The Mavericks Surf Contest isn’t on any calendar. That’s because the contest occurs only when the somewhat-unpredictable waves at Half Moon Bay rise above 20 feet.

As a result, SnL Communications Inc., a Los Angeles-based public relations agency, faces some monster challenges. It only has about 24 hours to organize media coverage for the monster-wave event. Of course, that’s quite different from other sporting competitions, which occur at a defined time that usually are known months or even years in advance.

“In my mind, the best analogy is going into labor,” said Staci Levine, a partner at SnL. “You pack your bag and you know it’s going to happen you just don’t know exactly when.”

The giant waves of Mavericks, a wave break located in the bay, were known only to a small group of big-wave surfers for years. The secret got out when one of them, Mark Foo, was killed by a wave there in 1994. The competitions began five years later.

Levine, who launched her now-13-person company 20 years ago with Karen Schneider, starts planning months ahead of time. Jeff Clark, the event’s director, gives the team a window this year it was Dec. 7 to March 31. As the 2007-2008 season approached, SnL wrote templates for press releases and compiled lists of media contacts throughout the surf industry and for journalists in the local area, which is south of San Francisco. The announcements also get sent to the home-town papers of the 24 elite surfers in the invitational competition.

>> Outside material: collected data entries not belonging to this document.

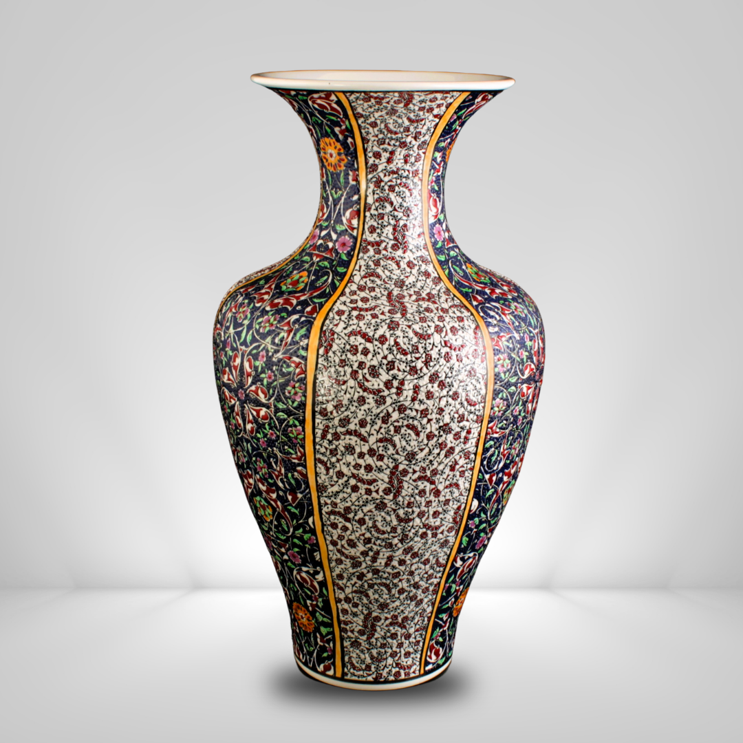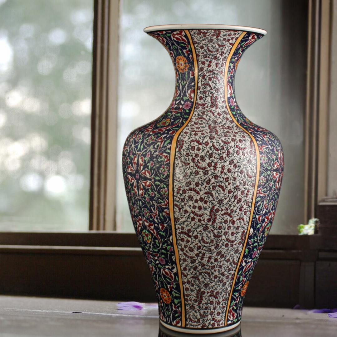 Toprak, sır ve ateşin usta zanaatkârların ellerinde sanata dönüştüğü bu vazo, hem estetik hem de tarihî bir değer taşır. Osmanlı bahçelerinden ve çini kültüründen gelen zarif çizgiler, modern dekoratif anlayışla birleşerek eşsiz bir koleksiyon parçası ortaya çıkarır.
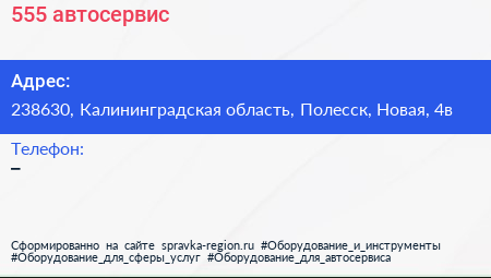 555, автосервис по адресу 238630, Калининградская область, Полесск, Новая, 4в в дальнейшем Организация, размещена в следующих категориях:
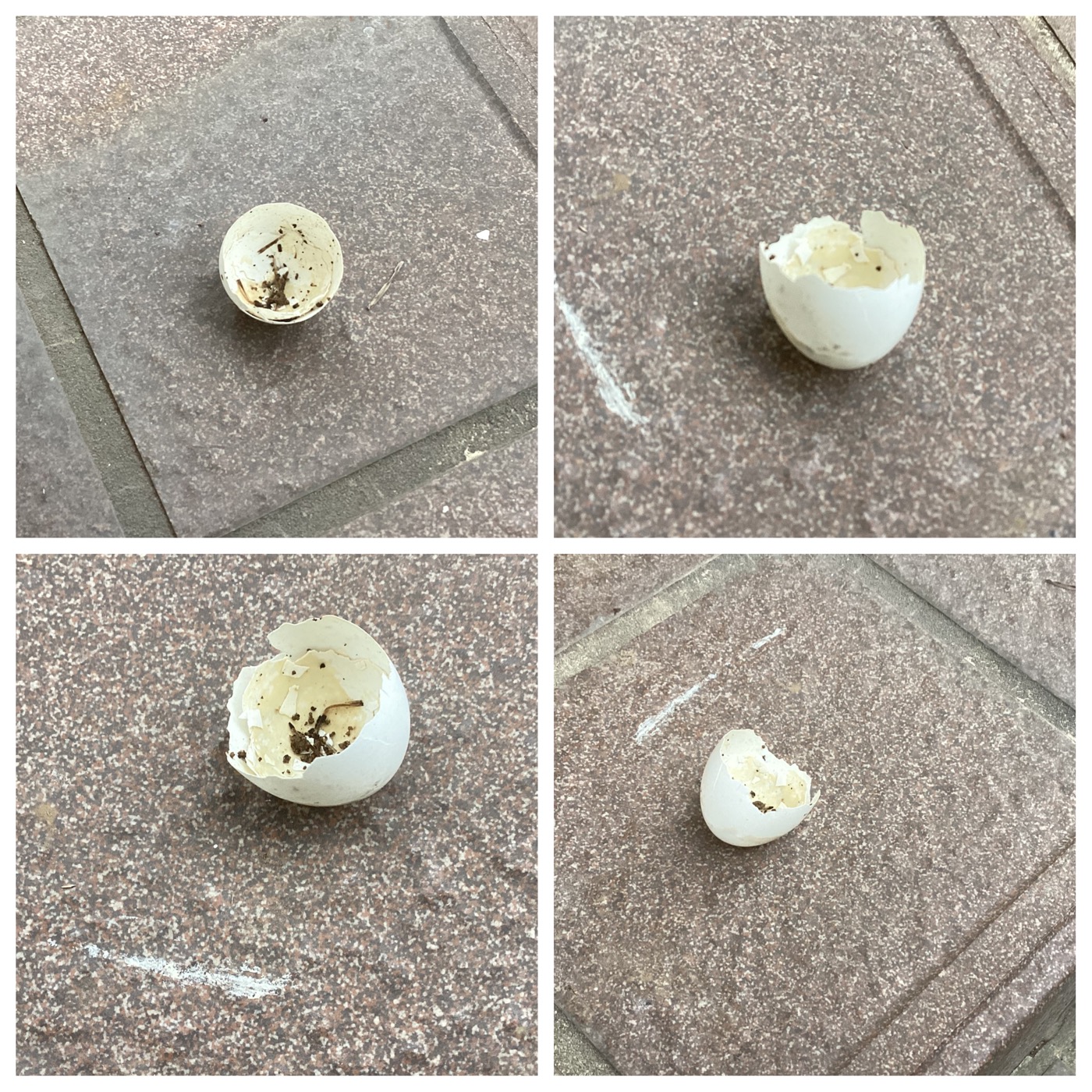 ↑我が家の庭で、鳥の卵の殻のような物を発見しました。
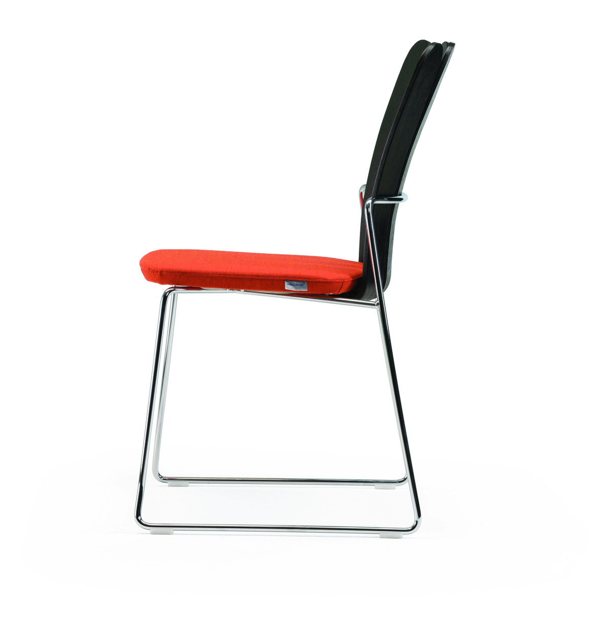 DIS Stapelstuhl kommt mit Sitz gepolstert. Rück in Birke oder Eiche natur oder lackiert. Erhältlich mit Armlehnen. Stahl in Chrom oder grau Lack.
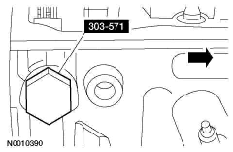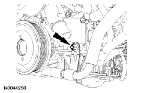 NOTE:Install a new O-ring seal on the tensioner and lubricate with clean engine oil.Install the LH hydraulic camshaft tensioner.Tightening Torque44 Nm {4.5 kgf-m, 32 ft-lbf}
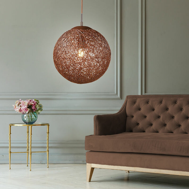 Descrizione Lampada a sospensione di alta qualità per il soggiorno. Questa lampada attira davvero l'attenzione grazie al paralume sferico in intreccio di rattan marrone. Questa lampada a sospensione sta particolarmente bene sopra il tavolo del soggiorno o della sala da pranzo. div> dettagli apparecchio • Tipo di luce: lampada a sospensione • Materiale: rattan intrecciato • Colore: marrone medio • Grado di protezione: IP20 • Diametro paralume in cm: 30 • Altezza totale in cm: 150 • Attacco: 1x E27 • Lampadine incluse: Sì • Potenza lampadina: 1x 11 watt• Flusso luminoso: 1x 950 lumen• Colore luce: bianco caldo • Alimentazione: 220-240V, 50-60Hz Dettagli sorgente luminosa • Tipo di sorgente luminosa: Samsung SMD LED • Attacco: E27 • Design: Sfera (bianco-opale) • Materiale: Plastica • Flusso luminoso: 950 lm (lumen) • Consumo energetico: 11 kWh/1000h • Temperatura colore ur: 3000 K (Kelvin) • Colore della luce: bianco caldo • Resa cromatica (CRI): 80 • Consumo energetico nominale: 11 W
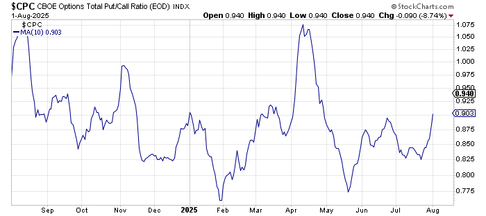The last two days the equity put/call ratio starting climbing, with Thursday’s reading at 0.84 and Friday's at 0.75. But let’s look at the 10 DMA of the total put/call ratio. It’s finally on the move upward, now clocking in around 0.90. Generally speaking once it gets over 0.95 it tells me there has been a sentiment shift and folks have gotten cautious.
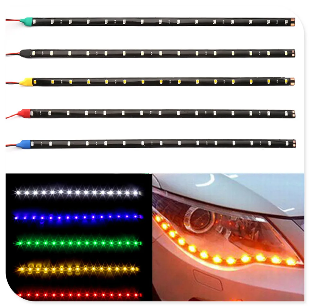2 шт. автомобиль Светодиодные ленты светильник Авто дневные ходовые огни лампы Водонепроницаемый гибкие светодиодные дневные ходовые огни Декоративные Авто-Стайлинг 12 В 15SMD высокое Мощность
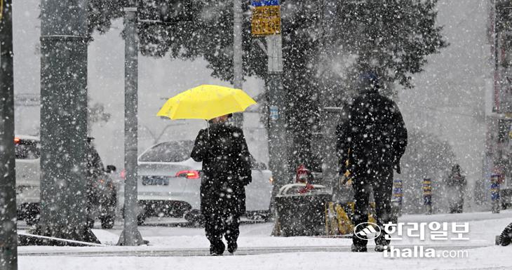 한파 찾아온 제주지방 찬 바람 타고 내일까지 25㎝ 폭설

Handling the event can be especially frantic, because, as Levine put it: “Mavericks is the Mount Everest of surf.”

This year, it was Friday, Jan. 11, when Clark gave the go-ahead for the event. Surfers were notified. Levine and her team immediately caught a flight to San Francisco and booked hotel rooms near Half Moon Bay. At the same time, they contacted media, starting with broadcasters who could get news out more quickly than print media.

The next morning, 10,000 spectators gathered on the cliffs of Half Moon Bay. An additional 30,000 watched Webcam coverage on the Internet.

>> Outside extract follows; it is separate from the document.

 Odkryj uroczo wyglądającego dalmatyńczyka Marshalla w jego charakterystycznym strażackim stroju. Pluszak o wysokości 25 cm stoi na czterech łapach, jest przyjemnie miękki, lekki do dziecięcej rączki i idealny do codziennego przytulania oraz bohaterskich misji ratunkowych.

Levine found herself awash in urgent requests from media outlets for video clips, still images, interviews with surfers and updates on the scoring.

“We were servicing the media minute-by-minute during the event,” she recalled.

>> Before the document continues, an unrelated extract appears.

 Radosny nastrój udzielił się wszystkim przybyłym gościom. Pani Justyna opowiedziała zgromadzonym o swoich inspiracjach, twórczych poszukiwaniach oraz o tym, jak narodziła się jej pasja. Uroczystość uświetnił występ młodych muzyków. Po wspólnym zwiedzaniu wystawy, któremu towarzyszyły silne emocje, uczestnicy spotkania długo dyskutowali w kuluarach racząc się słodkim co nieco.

By sunset, the winners were announced and the SnL team sent out its final press release. The five finalists decided to split the prize money evenly, as other participants have done in other competitions, as a gesture of camaraderie.

During the previous winter, the event wasn’t produced at all due to poor waves. The agency still received payment. It balances out because of the resources SnL puts into the project on busy years.

“It’s not our most lucrative project by any means,” Levine conceded. “Some years you don’t earn as much as the hours would indicate, but we work for the same reason the athletes surf we love it.”